Eileen Gittins, CEO Of Blurb.com, Wants To Change The World 'One Book At A Time'

How She's Changing The World 'One Book At A Time'

A little under a decade ago, Eileen Gittins was in her 40s and in need of a break. A former Kodak executive turned Silicon Valley CEO, she had run two technology start-ups -- Salsa and Personify -- selling the second company right after the dot-com crash.

Looking for a “cathartic, creative outlet,” Gittins spent a year photographing and interviewing 40 of the people with whom she had built companies, hand-developing every image. “I just wanted to make a book, something I could wrap with a bow and send out to the subjects with an inscription that said, ‘thank you, it’s been great,’” she recalled.

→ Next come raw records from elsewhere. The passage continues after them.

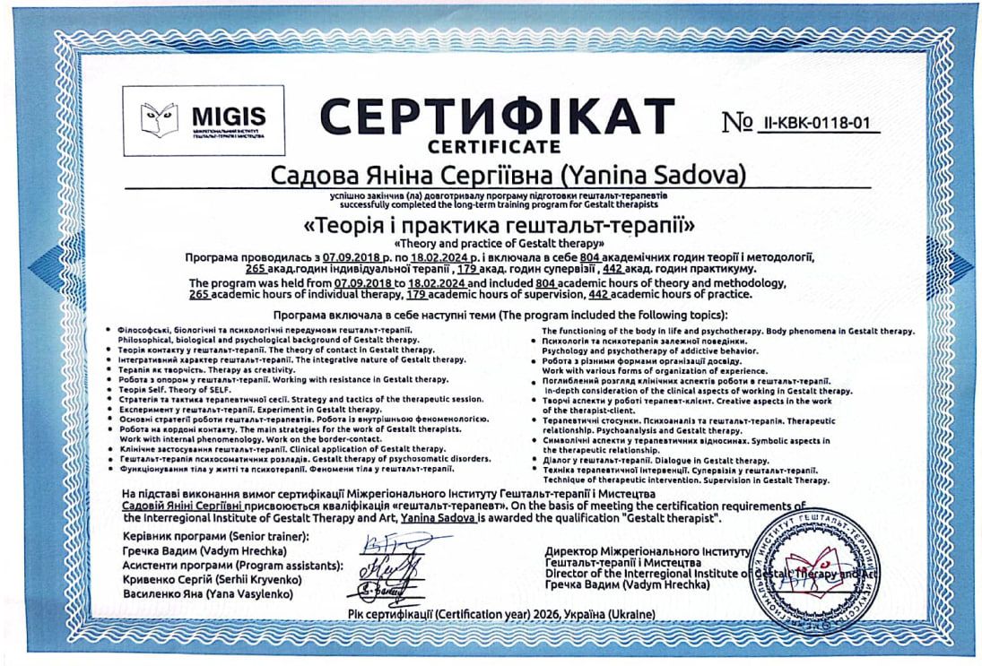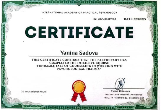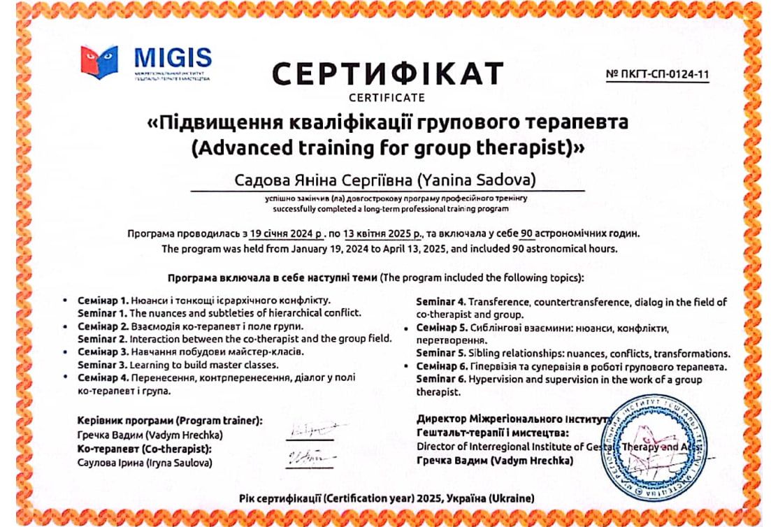 2024 – 2025 рр. - Міжрегіональний інститут гештальт-терапії і мистецтва (MIGIS), «Підвищення кваліфікації групового терапевта». Програма під керівництвом Гречки В. Сертифікат № ПКТ-СП-0124-11.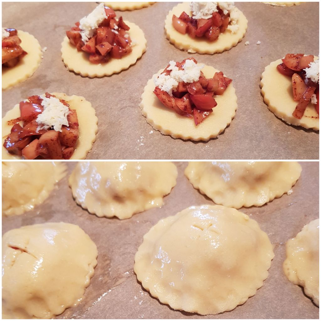 Lägg hälften av rundlarna på en plåt med bakplåtspapper. Fördela äppelkompotten ovanpå och lite riven mandelmassa. Lägg på locken och tryck till runt kanterna. Pensla med uppvispad äggula. Skär ett litet kryss i toppen.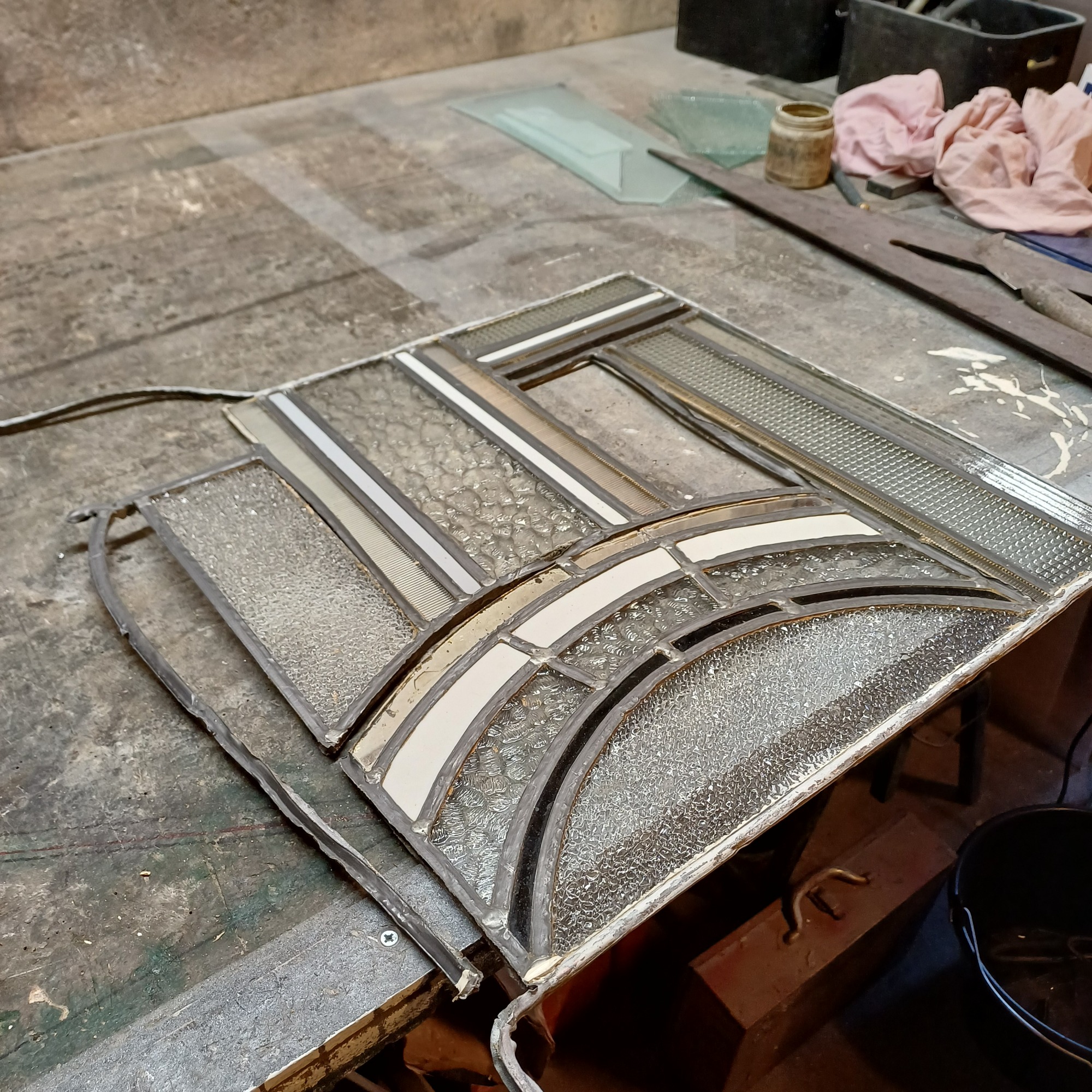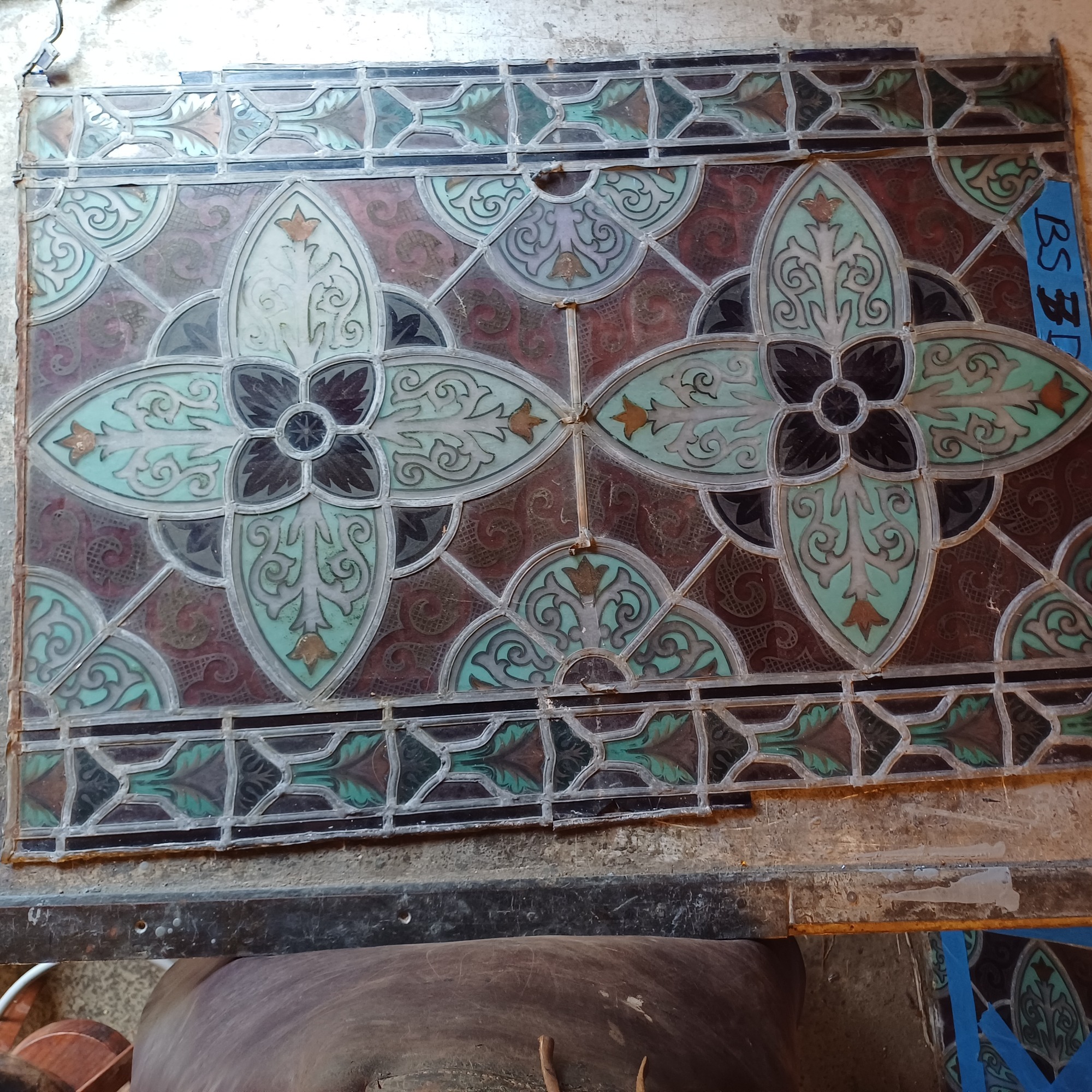 Vitrail à son arrivée à l'atelier

In 2004, Gittins went online seeking a service that would allow her to upload her copy and photos into a professional-quality book template and print 40 copies. But it didn’t exist. “I could see it -- desktop publishing in some incarnation for people like me who are not book designers,” she said. "I kept thinking ‘Why is that not there? Why is this so hard?' After carping about this to my husband countless times, finally he said, ‘Why don’t you do it?'"

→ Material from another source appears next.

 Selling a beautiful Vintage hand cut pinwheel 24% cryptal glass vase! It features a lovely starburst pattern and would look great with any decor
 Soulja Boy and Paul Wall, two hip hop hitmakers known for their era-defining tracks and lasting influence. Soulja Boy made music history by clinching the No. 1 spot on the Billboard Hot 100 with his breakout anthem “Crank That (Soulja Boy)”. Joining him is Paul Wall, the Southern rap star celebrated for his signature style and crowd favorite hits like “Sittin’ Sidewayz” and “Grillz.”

Gittens somehow convinced investors to support her counterintuitive move from digital to print and launched Blurb.com, which last year shipped two million books to 70 countries. Users can create a book for as little as $3 for a text-only, pocket-size volume, to more than $200 for a 400-page coffee-table book in four colors. Customers include designers, photographers, architects and others who use the books as portfolios, as well as individuals who want to commemorate a special event or see their great American novel in print.

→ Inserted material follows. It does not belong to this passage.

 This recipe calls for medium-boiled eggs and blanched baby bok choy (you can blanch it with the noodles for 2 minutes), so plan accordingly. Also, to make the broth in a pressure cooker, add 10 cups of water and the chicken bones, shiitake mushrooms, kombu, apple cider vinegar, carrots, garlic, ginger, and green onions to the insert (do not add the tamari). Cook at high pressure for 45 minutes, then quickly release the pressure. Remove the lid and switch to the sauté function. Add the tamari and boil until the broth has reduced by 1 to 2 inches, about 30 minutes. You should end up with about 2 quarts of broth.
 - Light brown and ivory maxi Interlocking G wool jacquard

The San Francisco-based firm, which has 110 employees, offers localized websites and tools for making books in seven languages. In 2011, customers grew 44 percent year-over-year. Although Gittins won’t reveal sales numbers, Inc. magazine estimated 2009 revenue at $45 million, dubbing Blurb “America’s Fastest-Growing Media Company” in 2010.

“At our peak volume last year we saw a new book title coming in across our servers every 1.1 seconds,” Gittens said. Blurb.com also has an online store that allows users to market their books; last year private sellers sold 90,000 copies of their creations. If anything, the firm's success has proven the death of the printed word has been greatly exaggerated.

The key to Blurb’s success was figuring out how to make a profit on a print run of one. The site offers an app, Booksmart, that gives users templates with a drag-and-drop functionality that doesn’t require knowledge of gutters or bleeds. Gittens lured printers to the table by offering them a new stream of year-round business that would require no sales force, technology, customer or order support -- and would arrive as standard output files loaded directly to their servers. The catch, of course, was they had to be willing to take orders for a single book.

Now in her mid-50s, Gittins is having the time of her life. “One of the great things about being 50 is you’ve come to a real understanding of your strengths and weaknesses,” she said. “If you have an opportunity to pull together things you’re good at and you love, and people pay you money for it, that is the best ever. So here I am, a photographer, an insane reader and a web entrepreneur. I put those three things together, and out comes this ability to make a print book available to everyone in the world who has access to a browser and 10 bucks. Why should it be the purview of publishing industry to decide who gets published and who doesn’t?”

Gittins grew up in California. Her British dad worked his way over on the Queen Elizabeth after World War II, and then up the corporate ladder at McKesson, the health care firm. “We did not live a life of exalted privilege; I grew up in a household where it was very much ‘okay, you’re 18, good luck, hope that works out for you, we love you and good bye,’” she laughed. “I paid off my final student loans when I was 30 years old.” She studied English and journalism at UC Berkeley, where she also fell in love with photography; Eastman Kodak hired her in marketing in 1983.

Gittin’s Irish-American mother was a teacher of literature who allowed her nine-year-old to attend her Great Books classes. “She always read several books at a time; she never used bookmarks so there would be books facedown everywhere in the house,” Gittins recalled. “She instilled in me a great respect for the written word.”

Not that it’s necessarily Shakespeare or Hemingway or Austen crossing the servers every few minutes. “But even the bad books are awesome, because it’s someone’s poetry, pictures of someone’s dog -- someone’s passion,” Gittins said. “It’s the best thing ever to give creative voice to so many people who never had this kind of platform. I now have a full appreciation that you can change the world. For me, it’s one book at a time.”